Читать книгу Database Anonymization - David Sánchez - Страница 11
ОглавлениеCHAPTER 1
Introduction
The current social and economic context increasingly demands open data to improve planning, scientific research, market analysis, etc. In particular, the public sector is pushed to release as much information as possible for the sake of transparency. Organizations releasing data include national statistical institutes (whose core mission is to publish statistical information), healthcare authorities (which occasionally release epidemiologic information) or even private organizations (which sometimes publish consumer surveys). When published data refer to individual respondents, care must be exerted for the privacy of the latter not to be violated. It should be de facto impossible to relate the published data to specific individuals. Indeed, supplying data to national statistical institutes is compulsory in most countries but, in return, these institutes commit to preserving the privacy of the respondents. Hence, rather than publishing accurate information for each individual, the aim should be to provide useful statistical information, that is, to preserve as much as possible in the released data the statistical properties of the original data.
Disclosure risk limitation has a long tradition in official statistics, where privacy-preserving databases on individuals are called statistical databases. Inference control in statistical databases, also known as Statistical Disclosure Control (SDC), Statistical Disclosure Limitation (SDL), database anonymization, or database sanitization, is a discipline that seeks to protect data so that they can be published without revealing confidential information that can be linked to specific individuals among those to whom the data correspond.
Disclosure limitation has also been a topic of interest in the computer science research community, which refers to it as Privacy Preserving Data Publishing (PPDP) and Privacy Preserving Data Mining (PPDM). The latter focuses on protecting the privacy of the results of data mining tasks, whereas the former focuses on the publication of data of individuals.
Whereas both SDC and PPDP pursue the same objective, SDC proposes protection mechanisms that are more concerned with the utility of the data and offer only vague (i.e., ex post) privacy guarantees, whereas PPDP seeks to attain an ex ante privacy guarantee (by adhering to a privacy model), but offers no utility guarantees.
In this book we provide an exhaustive overview of the fundamentals of privacy in data releases, including privacy models, anonymization/SDC methods, and utility and risk metrics that have been proposed so far in the literature. Moreover, as a more advanced topic, we discuss in detail the connections between several proposed privacy models (how to accumulate the guarantees offered by different privacy models to achieve more robust protection and when are such guarantees equivalent or complementary).
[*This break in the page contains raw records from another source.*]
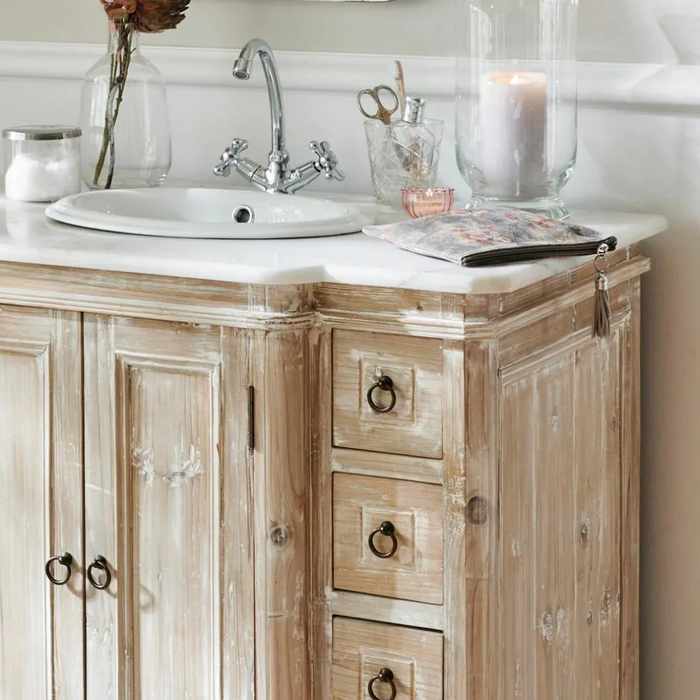 Das prachtvolle Bad-Möbel aus massivem Tannenholz besticht mit einer zeitlosen Kassettenoptik und einem zeitlosen, dezenten White-Washed-Finish. In die Mamorplatte ist ein ovales Keramikwaschbecken eingelassen. Und das Beste: Der Waschtisch punktet auch mit inneren Werten. Hinter den zwei Mitteltüren und in den insgesamt acht Schubladen verbirgt sich jede Menge Platz für allerlei Kleinkram, Handtücher, Kosmetika und andere Badutensilien.
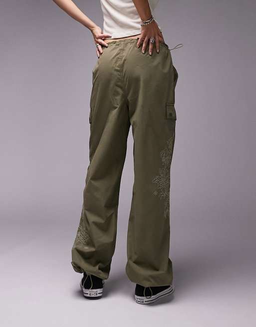 Topshop embroidered parachute balloon low rise cargo trousers in khaki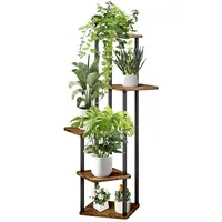 Relaxdays Pflanzenständer, 5 eckige Ebenen, HxBxT: 107 x 58 x 58 cm, Indoor Pflanzenregal, Industrial, schwarz/braun
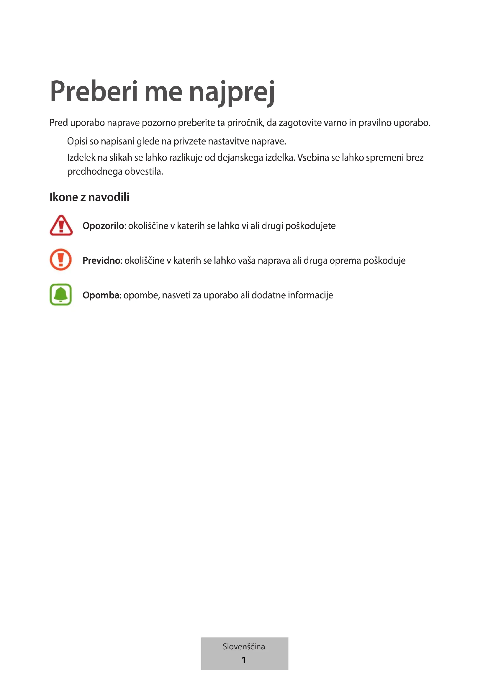 Izdelek na slikah se lahko razlikuje od dejanskega izdelka. Vsebina se lahko spremeni brez predhodnega obvestila. Ikone z navodili Opozorilo: okoliščine v katerih se lahko vi ali drugi poškodujete Previdno: okoliščine v katerih se lahko vaša naprava ali druga oprema poškoduje Opomba: opombe, nasveti za uporabo ali dodatne informacije Slovenščina

We also propose bridges between SDC methods and privacy models (i.e., how specific SDC methods can be used to satisfy specific privacy models and thereby offer ex ante privacy guarantees).
The book is organized as follows.
• Chapter 2 details the basic notions of privacy in data releases: types of data releases, privacy threats and metrics, and families of SDC methods.
• Chapter 3 offers a comprehensive overview of SDC methods, classified into perturbative and non-perturbative ones.
• Chapter 4 describes how disclosure risk can be empirically quantified via record linkage.
• Chapter 5 discusses the well-known k-anonymity privacy model, which is focused on preventing re-identification of individuals, and details which data protection mechanisms can be used to enforce it.
• Chapter 6 describes two extensions of k-anonymity (l-diversity and t-closeness) focused on offering protection against attribute disclosure.
• Chapter 7 presents in detail how t-closeness can be attained on top of k-anonymity by relying on data microaggregation (i.e., a specific SDC method based on data clustering).
• Chapter 8 describes the differential privacy model, which mainly focuses on providing sanitized answers with robust privacy guarantees to specific queries. We also explain SDC techniques that can be used to attain differential privacy. We also discuss in detail the relationship between differential privacy and k-anonymity-based models (t-closeness, specifically).
• Chapters 9 and 10 present two state-of-the-art approaches to offer utility-preserving differentially private data releases by relying on the notion of k-anonymous data releases and on multivariate and univariate microaggregation, respectively.
• Chapter 11 summarizes general conclusions and introduces some topics for future research. More specific conclusions are given at the end of each chapter.